# Am I eligible?



## George K (Sep 8, 2014)

So....

I booked our cross-country trip about 6 weeks ago (departing Sept 19). It's me and my daughter traveling from Chicago to Portland (Empire Builder), then SF (Coast Starlight), and back to Chicago (Zephyr).

I did not, at that time, enroll in the guest rewards program - did it this morning.
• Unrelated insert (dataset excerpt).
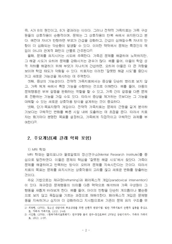 °¡Á·Ä¡·á´Â 20¼¼±â Áß¹Ý ÀÌÈÄ ½É¸®Ä¡·áÀÇ »õ·Î¿î È帧À¸·Î ÀÚ¸® ÀâÀ¸¸é¼, °³ÀÎÀÇ ¹®Á¦¸¦ ´ÜÁö °³ÀÎ ³»ºÎÀÇ ½É¸®Àû º´¸®·Î ±¹ÇÑÇÏÁö ¾Ê°í, °¡Á·À̶ó´Â »óÈ£ÀÛ¿ë ü°è ¼Ó¿¡¼ ÀÌÇØÇÏ·Á´Â ½Ãµµ¸¦ ÇØ¿Ô´Ù. ±× °¡¿îµ¥¼µµ Àü·«Àû °¡Á·Ä¡·á´Â ªÀº ½Ã°£ ¾È¿¡ ±¸Ã¼Àû º¯È¸¦ À̲ø¾î ³»´Â µ¥ ÁßÁ¡À» µÐ Á¢±ÙÀ¸·Î, Ä¡·áÀÚ°¡ ´Ü¼øÈ÷ °ø°¨Çϰųª ÇØ¼®À» Á¦°øÇÏ´Â °Í¿¡¼ ±×Ä¡Áö ¾Ê°í Àû±ØÀûÀ¸·Î °³ÀÔÇÏ¸ç º¯È¸¦ ¼³°èÇÑ´Ù´Â Á¡¿¡¼ Ư¡ÀûÀÌ´Ù. Àü·«Àû °¡Á·Ä¡·á´Â °³ÀÎÀÇ Áõ»óÀ» °¡Á·°ü°è ¾È¿¡¼ ÀçÁ¤ÀÇÇϰí, Áõ»óÀÌ °¡Áö´Â ±â´ÉÀû Ãø¸éÀ» ÆÄ¾ÇÇÏ¿© À̸¦ º¯È½ÃŰ´Â °úÁ¦¸¦ °¡Á·¿¡°Ô Á÷Á¢ÀûÀ¸·Î Á¦½ÃÇÑ´Ù. ´Ù½Ã ¸»ÇØ, ¹®Á¦ÇൿÀ» °³ÀÎÀÇ º´¸®Àû °á°ú·Î º¸´Â °ÍÀÌ ¾Æ´Ï¶ó, °¡Á·Ã¼°èÀÇ »óÈ£ÀÛ¿ë °úÁ¤ ¼Ó¿¡¼ Çü¼ºµÈ ¹Ýº¹Àû ÆÐÅÏÀÇ »ê¹°·Î °£ÁÖÇÑ´Ù. ÀÌ·¯ÇÑ °üÁ¡Àº ±âÁ¸ÀÇ Á¤½ÅºÐ¼®À̳ª Çൿġ·á¿Í´Â ´Ù¸¥ Â÷º°¼ºÀ» º¸ÀδÙ. Á¤½ÅºÐ¼®Àû Á¢±ÙÀÌ °³ÀÎÀÇ °ú°Å °æÇèÀ̳ª ¹«ÀǽÄÀû °¥µî¿¡ ÃµÂøÇß´Ù¸é, Àü·«Àû °¡Á·Ä¡·á´Â ÇöÀç °¡Á· ³»¿¡¼ ¹Ýº¹µÇ´Â »óÈ£ÀÛ¿ëÀÇ ±¸Á¶¿Í ÆÐÅÏ¿¡ ÁÖ¸ñÇϸç, À̸¦ º¯È½ÃÅ´À¸·Î½á ¹®Á¦¸¦ ÇØ°áÇÑ´Ù. ¶ÇÇÑ Çൿġ·á°¡ °³ÀÎÀÇ Çൿ ¼öÁ¤¿¡ ÃÊÁ¡À» ¸ÂÃá µ¥ ¹ÝÇØ, Àü·«Àû °¡Á·Ä¡·á´Â °¡Á· ±¸¼º¿ø °£ÀÇ °ü°èÀû ¸Æ¶ôÀ» °Á¶ÇÏ¸é¼ ±× °ü°è ¼Ó¿¡¼ ³ªÅ¸³ª´Â Áõ»óÀÇ ±â´ÉÀ» ÀÌÇØÇÏ·Á ÇÑ´Ù. Àü·«Àû °¡Á·Ä¡·á´Â ÇϳªÀÇ ´ÜÀÏÇÑ ÇÐÆÄ¶ó±âº¸´Ù´Â ¿©·¯ ÇÐÀÚµéÀÇ ¿¬±¸°¡ ±³Â÷ÇÏ¸ç ¼¼ °¥·¡ È帧À¸·Î ¹ßÀüÇß´Ù. ´ëÇ¥ÀûÀÎ °ÍÀÌ MRI ÇÐÆÄ, ÇìÀϸ®¿Í ¸¶´Ù³×½º ÇÐÆÄ, ¹Ð¶ó³ë ÇÐÆÄÀÌ´Ù. MRI ÇÐÆÄ´Â À߸øµÈ ÇØ°á ½Ãµµ°¡ ¹®Á¦¸¦ À¯Áö½ÃŲ´Ù°í º¸¾ÒÀ¸¸ç, ÇìÀϸ®¿Í ¸¶´Ù³×½º ÇÐÆÄ´Â °¡Á· ³» ±Ç·Â ±¸Á¶¿Í À§°èÁú¼¸¦ °Á¶ÇÏ¿´´Ù. ¹Ý¸é ¹Ð¶ó³ë ÇÐÆÄ´Â °¡Á·ÀÌ °øÀ¯ÇÏ´Â ½Å³ä ü°è¿Í ´ã·ÐÀ» º¯ÈÀÇ ÇÙ½ÉÀ¸·Î º¸¾Ò´Ù. ÀÌ ±Û¿¡¼´Â ¼¼ ÇÐÆÄ°¡ °øÀ¯ÇÏ´Â ±âº» ¿ø¸®¿Í Â÷º°Àû Ư¡À» »ìÆìº¸°í, ½ÇÁ¦ ÀÓ»ó¿¡¼ »ç¿ëµÇ´Â ´ëÇ¥Àû ±â¹ýÀ» ±¸Ã¼ÀûÀ¸·Î ¼³¸íÇÔÀ¸·Î½á Àü·«Àû °¡Á·Ä¡·áÀÇ ÀÇÀǸ¦ ÀçÁ¶¸íÇϰíÀÚ ÇÑ´Ù. II. º» ·Ð 1. Àü·«Àû °¡Á·Ä¡·á ÀÌ·ÐÀÇ ±âº»¿ø¸® Àü·«Àû °¡Á·Ä¡·á´Â ¸î °¡Áö °øÅëÀûÀÎ ±âº» ¿ø¸®¸¦ ¹ÙÅÁÀ¸·Î Àü°³µÈ´Ù. ù°, ¼øÈ¯Àû Àΰú¼ºÀÌ´Ù. ÀüÅëÀû ½É¸®ÇÐÀº Á¾Á¾ ¼±ÇüÀû Àΰú°ü°è¸¦ ÀüÁ¦ÇÑ´Ù. Áï, A°¡ BÀÇ ¿øÀÎÀ̰í, B°¡ °á°ú¶ó´Â ½ÄÀÌ´Ù. ±×·¯³ª Àü·«Àû °¡Á·Ä¡·á´Â °¡Á· ±¸¼º¿øµéÀÇ »óÈ£ÀÛ¿ëÀÌ ¼øÈ¯ÀûÀ̸ç, ¹®Á¦´Â ±× »óÈ£ÀÛ¿ëÀÇ ¹Ýº¹ ¼Ó¿¡¼ À¯ÁöµÈ´Ù°í º»´Ù. ¿¹ÄÁ´ë Àڳడ ¹ÝÇ×ÇÏ¸é ºÎ¸ð°¡ °£¼·À» °ÈÇϰí, °£¼·ÀÌ ½ÉÇØÁú¼ö·Ï ÀÚ³àÀÇ ¹ÝÇ×ÀÌ ´õ ½ÉȵǴ ¾Ç¼øÈ¯ÀÌ ¹ß»ýÇÒ ¼ö ÀÖ´Ù. ÀÌ·¯ÇÑ ¸Æ¶ô¿¡¼ ¹®Á¦´Â ƯÁ¤ÀÎÀÇ Ã¥ÀÓÀÌ ¾Æ´Ï¶ó °ü°èÀû ÆÐÅÏÀÇ »ê¹°·Î °£ÁֵȴÙ. µÑ°, ¹®Á¦¸¦ À¯Áö½ÃŰ´Â ½Ãµµ¿¡ ÁÖ¸ñÇÑ´Ù. °¡Á·Àº ¹®Á¦¸¦ ÇØ°áÇÏ·Á ³ë·ÂÇÏÁö¸¸, ±× ÇØ°á ½Ãµµ°¡ ¿ÀÈ÷·Á ¹®Á¦¸¦ °È½ÃŰ´Â °æ¿ì°¡ ¸¹´Ù. ¿¹¸¦ µé¾î, ¾ÆµéÀÇ Çо÷ ¼ºÀû ÀúÇϸ¦ ÇØ°áÇϱâ À§ÇØ ºÎ¸ð°¡ Áö³ªÄ¡°Ô °£¼·Çϸé, ¿ÀÈ÷·Á ¾ÆµéÀº ´õ Å« ÀúÇ×À» º¸À̸ç Çо÷ ŵµ°¡ ¾Ç鵃 ¼ö ÀÖ´Ù. Ä¡·áÀÚ´Â ÀÌ·¯ÇÑ ¡®À߸øµÈ ÇØ°á ½Ãµµ¡¯¸¦ ÁߴܽÃŰ°í »õ·Î¿î °¡´É¼ºÀ» Á¦½ÃÇÏ´Â µ¥ ÁÖ·ÂÇÑ´Ù. ¼Â°, Áõ»óÀÇ ±â´É¼ºÀÌ´Ù. Àü·«Àû °¡Á·Ä¡·á¿¡¼´Â Áõ»óÀ» ´Ü¼øÈ÷ º´¸®·Î º¸Áö ¾Ê°í, °¡Á· ü°è ¼Ó¿¡¼ ƯÁ¤ ±â´ÉÀ» ¼öÇàÇÏ´Â °ÍÀ¸·Î ÀÌÇØÇÑ´Ù. ¿¹¸¦ µé¾î, ¾Æµ¿ÀÇ ¹®Á¦ÇൿÀº ºÎºÎ °¥µîÀ» ¿ÏÈÇÏ´Â ¿ªÇÒÀ» ÇÒ ¼ö ÀÖ°í, °¡Á· °£ÀÇ °¥µîÀ» ´Ù¸¥ ¹®Á¦·Î ÀüȯÇÏ´Â ±â´ÉÀ» °¡Áú ¼öµµ ÀÖ´Ù. µû¶ó¼ Áõ»óÀ» Á¦°ÅÇÏ´Â °Íº¸´Ù´Â ±× ±â´ÉÀ» ´ëüÇÒ ¼ö ÀÖ´Â »õ·Î¿î »óÈ£ÀÛ¿ë ¹æ½ÄÀ» ¼³°èÇÏ´Â °ÍÀÌ Áß¿äÇÏ´Ù. ³Ý°, ´Ü±â¡¤¸ñÇ¥ÁöÇâÀû °³ÀÔÀÌ´Ù. Àü·«Àû °¡Á·Ä¡·á´Â ¹®Á¦ÀÇ ±Ù¿øÀ» ±æ°Ô ºÐ¼®Çϱ⺸´Ù´Â ±¸Ã¼ÀûÀÎ º¯È¸¦ ºü¸¥ ½ÃÀÏ ³»¿¡ µµÃâÇÏ´Â µ¥ ÃÊÁ¡À» µÐ´Ù. µû¶ó¼ Ä¡·áÀڴ ȸ±â¸¶´Ù ºÐ¸íÇÑ ¸ñÇ¥¸¦ ¼³Á¤Çϰí, °¡Á·¿¡°Ô Á÷Á¢ÀûÀÌ°í ±¸Ã¼ÀûÀÎ °úÁ¦¸¦ ºÎ¿©ÇÑ´Ù. 2. ÁÖ¿ä°³³ä(¼¼ °¥·¡ ÇÐÆÄ Æ÷ÇÔ) 1) MRI ÇÐÆÄ MRI ÇÐÆÄ´Â Ä¶¸®Æ÷´Ï¾Æ ÆÈ·Î¾ËÅäÀÇ Á¤½Å¿¬±¸¼Ò(Mental Research Institute)¸¦ Áß½ÉÀ¸·Î ¹ßÀüÇÏ¿´´Ù. À̵éÀº ¹®Á¦ÀÇ ÇÙ½ÉÀ» ¡®À߸øµÈ ÇØ°á ½Ãµµ¡¯¿¡¼ ã¾Ò´Ù. °¡Á·ÀÌ ¹®Á¦¸¦ ÇØ°áÇÏ·Á°í ¹Ýº¹ÇÏ´Â ¹æ½ÄÀÌ ¿ÀÈ÷·Á ¹®Á¦¸¦ Áö¼Ó½ÃŲ´Ù´Â °Í

Am I outaluck for rewards?


----------



## SarahZ (Sep 8, 2014)

Call Amtrak and ask them to add your AGR number to your reservation. I've had to do that before; it only takes a few seconds.


----------



## Orie (Sep 8, 2014)

I signed up for AGR for my trip on the Palmetto. But I forgot to link the two accounts! I linked them as soon as I remembered to when I got into Savannah. Two days later the points were posted. I think they post points after the trip, so as long as you link the accounts soon you'll be good


----------



## AmtrakBlue (Sep 8, 2014)

It's when you travel, not when you book. Just make sure to add your AGR #'s to the rez's. Since you're traveling within 90 days of signing up, you'll get the bonus points too.


----------



## TinCan782 (Sep 8, 2014)

I joined AGR shortly after taking an Amtrak trip. I requested, after the fact, and they granted me the points for the trip. Probably two weeks at the most between the trip and joining AGR.


----------



## the_traveler (Sep 8, 2014)

Also be sure to register for the *DOUBLE POINTS* promotion!


----------



## George K (Sep 8, 2014)

Thanks for all the replies! I just spoke to Linda at Amtrak Guest Rewards. She encouraged me to sign up for the Mastercard that I can use for travel points as well. She applied my entire trip to my rewards.

9000 points today!


----------



## shelzp (Sep 8, 2014)

If you do online shopping be sure to log on to AGR and see if you can shop through their portal! That's where many of us get the bulk of our points. Unfortunately for me amazon and eBay don't participate but my other two favorites of Nordstrom and WalMart (might not seem like they go together but I love both stores) are part of the program. I value my points at about 4 cents each so when you get five points per dollar it works out to 20% off the purchase right away. Someone here didn't appreciate my fuzzy math but that's the way I see the transaction. AGR will sell you points for 2.75 cents each so getting them for free with online shopping is a great way to pile them up. I'm already an online shopper so it's a no-brainer for me.


----------



## George K (Sep 8, 2014)

I buy a TON of stuff online. A lot through Amazon (they give me 3% on my card when I use it at their site).

But....

...it may be worth applying for the AGR card if it's so lucrative.


----------



## Orie (Sep 8, 2014)

George K said:


> Thanks for all the replies! I just spoke to Linda at Amtrak Guest Rewards. She encouraged me to sign up for the Mastercard that I can use for travel points as well. She applied my entire trip to my rewards.
> 
> 9000 points today!


If I can ask, what exactly happened with the agent? I ask because I signed for the card then booked a trip the next day. I wonder if I can get the trip applied on the card instead. The reason I didn't wait is because I'm on a vacation now and the card is being sent to my home address (and the trip is my way home from said vacation).


----------



## jebr (Sep 9, 2014)

George K said:


> I buy a TON of stuff online. A lot through Amazon (they give me 3% on my card when I use it at their site).
> 
> But....
> 
> ...it may be worth applying for the AGR card if it's so lucrative.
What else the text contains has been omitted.